#### [ASSIGNMENT]
In the copy, leave out the pictures and repeat all records exactly.

[Stored records]
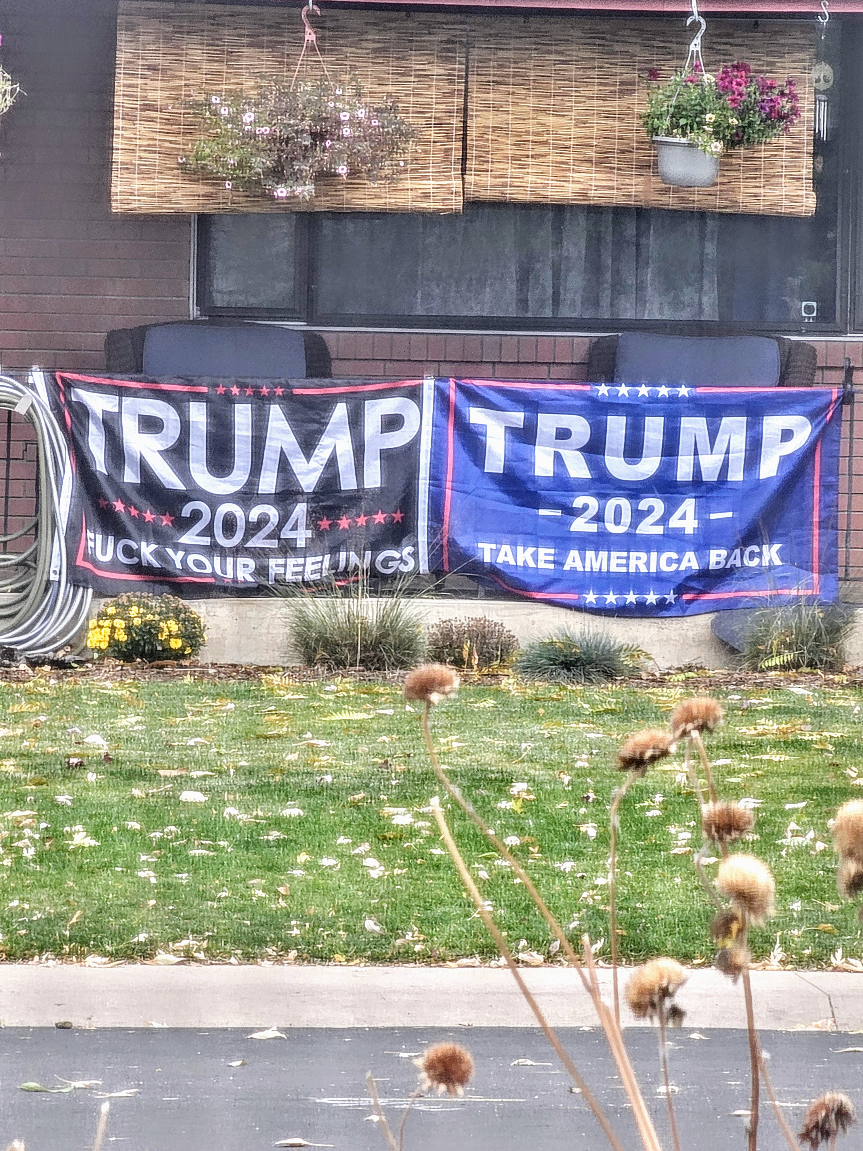 Those flags… Don’t you feel like, on some level, the need for people to purchase and display there HUGE flags like that is some weird kind of over-compensation for.. something. I mean, he’s just some guy. It’s like crazy hero-worship. Cult-like. Creepy. Blatant and in your face, and to what end? To feel like they’re part of the winning team? Especially the F your feelings flag. I mean, you have to be really gross to be a grown-ass adult flaunting such nastiness due all the world to see. I’m so sorry you have to see that every day. 😔
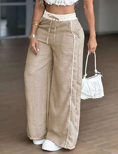 Mujer Pantalones Pantalones casuales Pantalones de verano Pantalones de playa Vacaciones Moda Casual / Diario Longitud total Media cintura Color sólido Plano Perneras anchas Cintura elástica
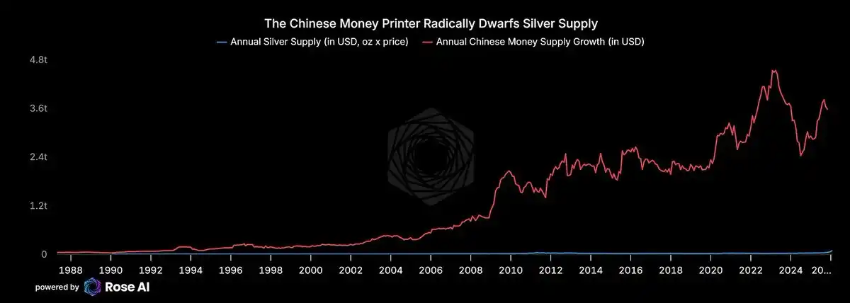 如果你是一个富裕的中国家庭,你会想把更多钱放在一个有着数万亿隐性损失的僵尸银行体系里吗?还是愿意在价格高位买入实物白银,并承受 30% 回撤的风险?当你的另一个选择是存入技术上已资不抵债的银行时,答案显而易见。
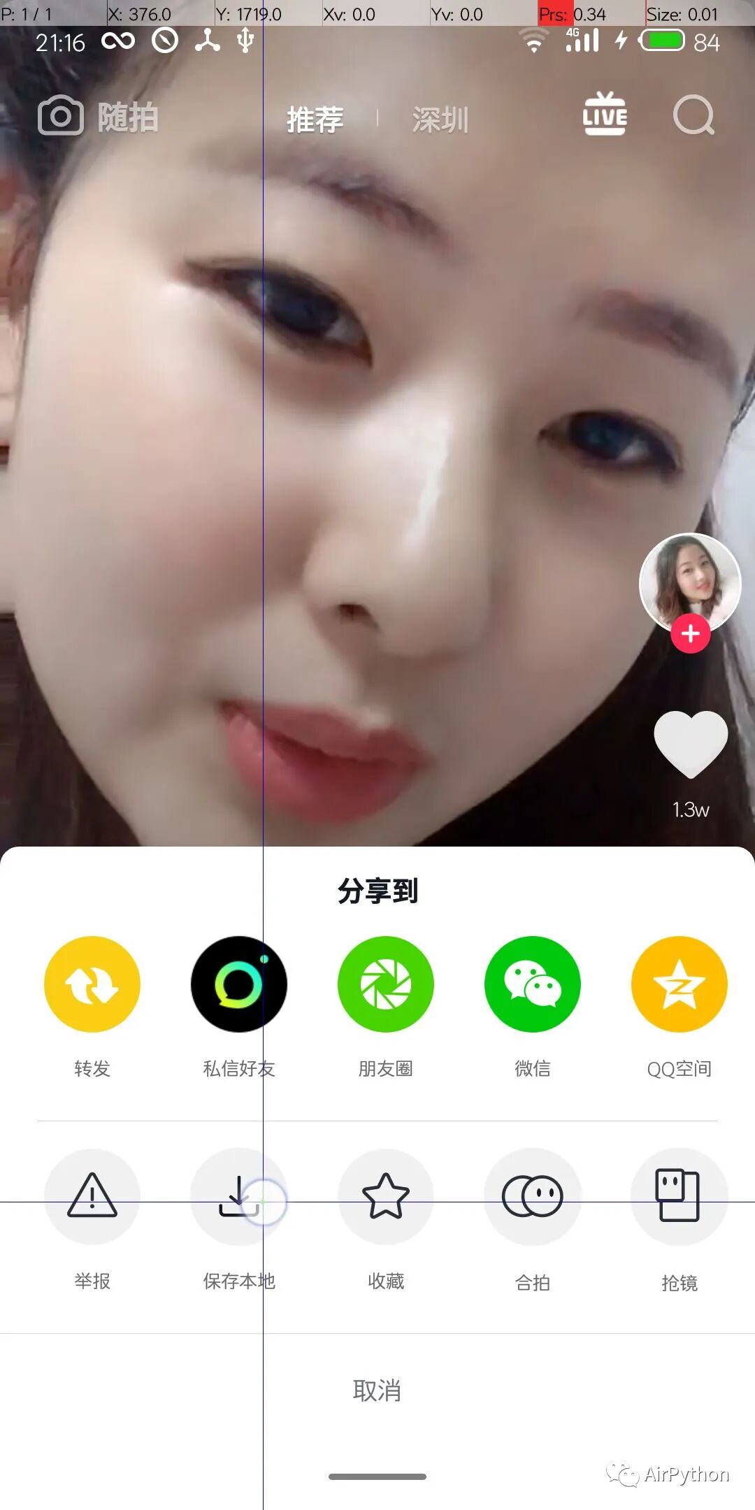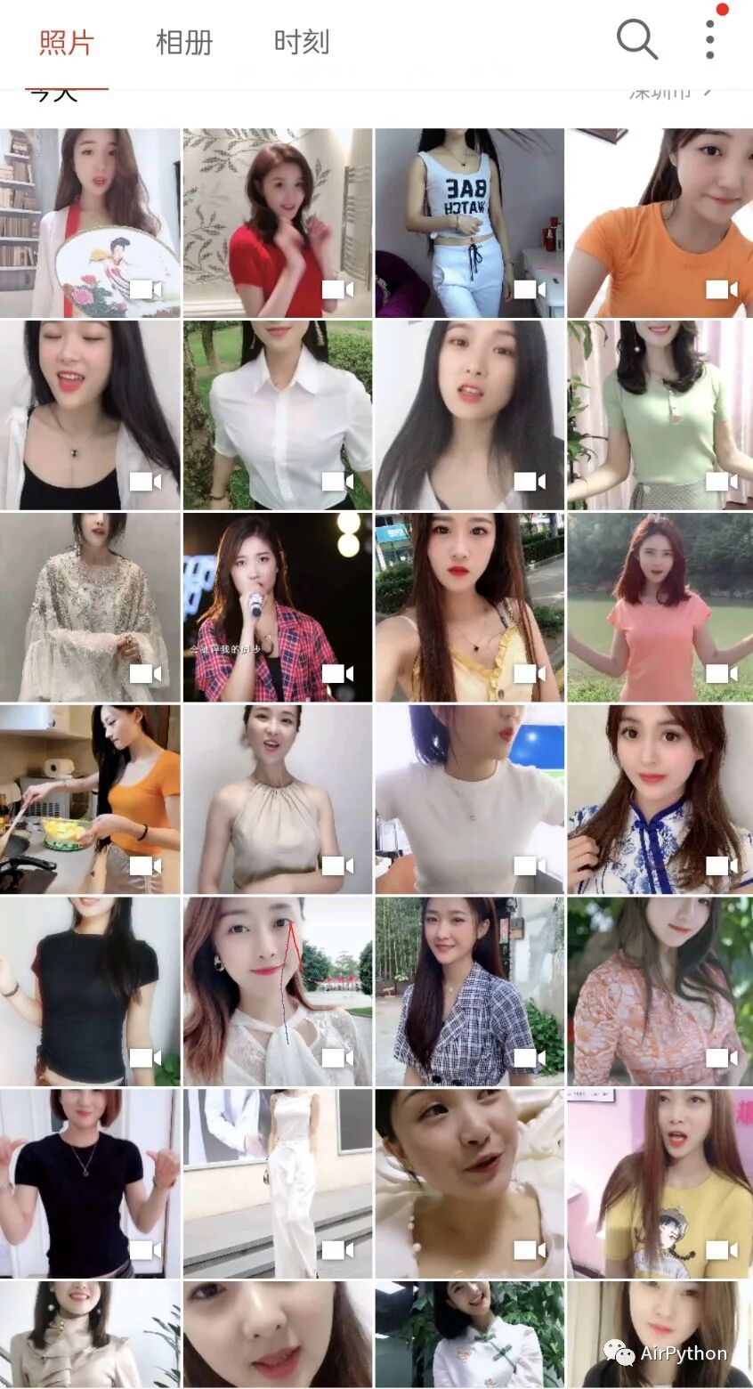 运行上面的脚本,会自动打开抖音,对每一条小视频多次进行人脸识别,直到识别到颜值高的小姐姐,保存视频到本地,然后继续刷下一条短视频。
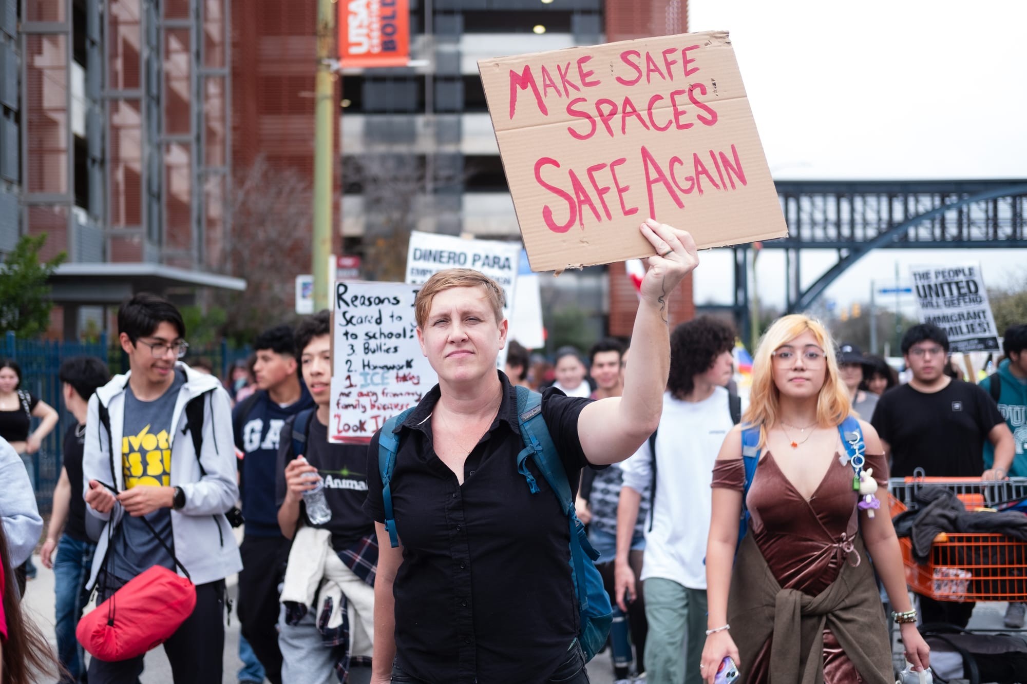 Hundreds of students from multiple downtown-area San Antonio campuses walked out of classes around 1p.m. on Wednesday, Feb. 5, 2025, as part of an “open protest,” a stand “for justice, for humanity, for the future we deserve.” They gathered first at Yanaguana Gardens at Hemisfair Park before taking over city streets on a march to San Antonio’s City Hall, where several elected leaders stood in solidarity for a time before returning to a scheduled meeting indoors.
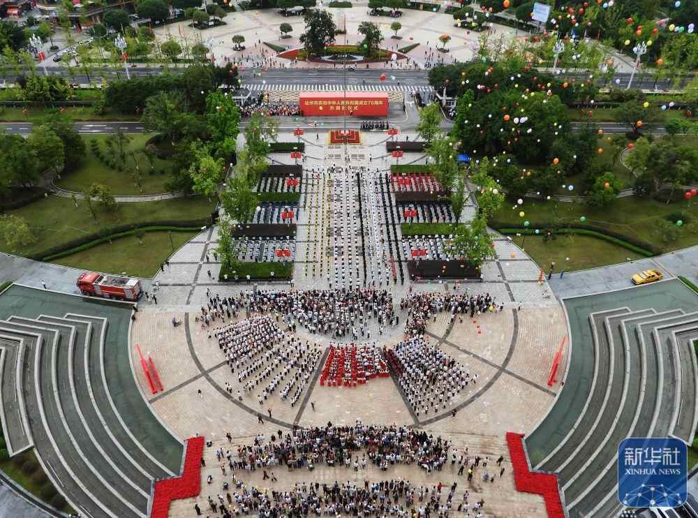 10月1日在四川省达州市人民广场拍摄的升旗仪式。新华社发(邓良奎摄)
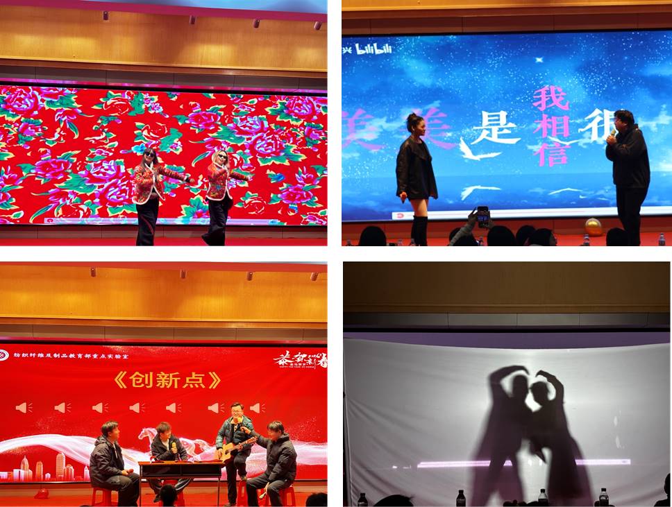 年会文艺表演形式多样、精彩纷呈。歌舞、小品、朗诵、钢琴独奏、光影剧、配音节目等轮番上演,既有《铁锅炖爵士》《素颜》等活力四射的歌舞,也有《时间都去哪了》《创新点》等创意十足的节目。
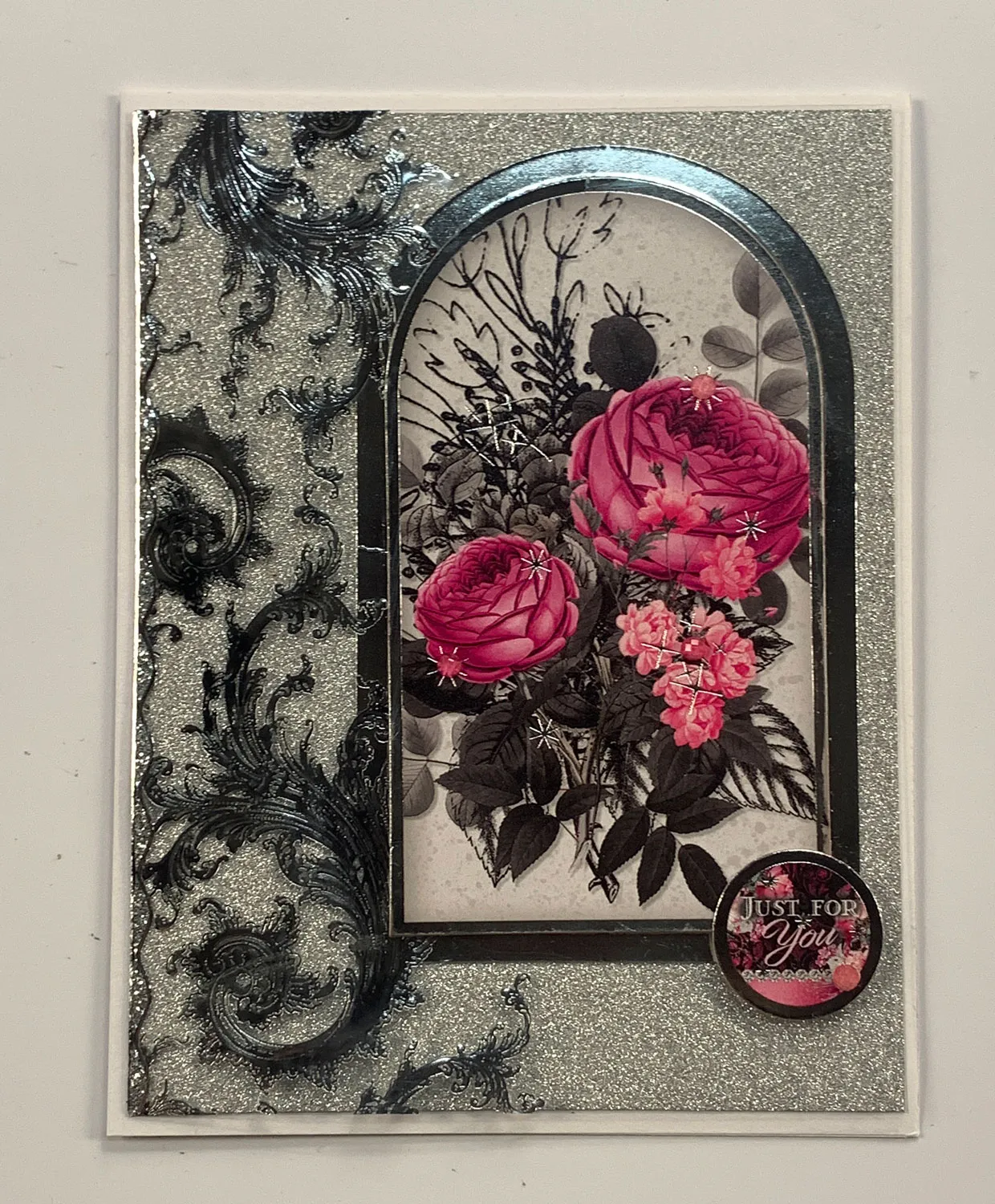 For the card front: Place the card with the fold on the left. Cut 4¾"x6¼" each from Rose Quartz Dreams flourish border acetate and from the Silver shimmer cardstock. Glue the shimmer cardstock centered on the card front.

#### [SOLVED PROBLEM]
 Those flags… Don’t you feel like, on some level, the need for people to purchase and display there HUGE flags like that is some weird kind of over-compensation for.. something. I mean, he’s just some guy. It’s like crazy hero-worship. Cult-like. Creepy. Blatant and in your face, and to what end? To feel like they’re part of the winning team? Especially the F your feelings flag. I mean, you have to be really gross to be a grown-ass adult flaunting such nastiness due all the world to see. I’m so sorry you have to see that every day. 😔
 Mujer Pantalones Pantalones casuales Pantalones de verano Pantalones de playa Vacaciones Moda Casual / Diario Longitud total Media cintura Color sólido Plano Perneras anchas Cintura elástica
 如果你是一个富裕的中国家庭,你会想把更多钱放在一个有着数万亿隐性损失的僵尸银行体系里吗?还是愿意在价格高位买入实物白银,并承受 30% 回撤的风险?当你的另一个选择是存入技术上已资不抵债的银行时,答案显而易见。
 运行上面的脚本,会自动打开抖音,对每一条小视频多次进行人脸识别,直到识别到颜值高的小姐姐,保存视频到本地,然后继续刷下一条短视频。
 Hundreds of students from multiple downtown-area San Antonio campuses walked out of classes around 1p.m. on Wednesday, Feb. 5, 2025, as part of an “open protest,” a stand “for justice, for humanity, for the future we deserve.” They gathered first at Yanaguana Gardens at Hemisfair Park before taking over city streets on a march to San Antonio’s City Hall, where several elected leaders stood in solidarity for a time before returning to a scheduled meeting indoors.
 10月1日在四川省达州市人民广场拍摄的升旗仪式。新华社发(邓良奎摄)
 年会文艺表演形式多样、精彩纷呈。歌舞、小品、朗诵、钢琴独奏、光影剧、配音节目等轮番上演,既有《铁锅炖爵士》《素颜》等活力四射的歌舞,也有《时间都去哪了》《创新点》等创意十足的节目。
 For the card front: Place the card with the fold on the left. Cut 4¾"x6¼" each from Rose Quartz Dreams flourish border acetate and from the Silver shimmer cardstock. Glue the shimmer cardstock centered on the card front.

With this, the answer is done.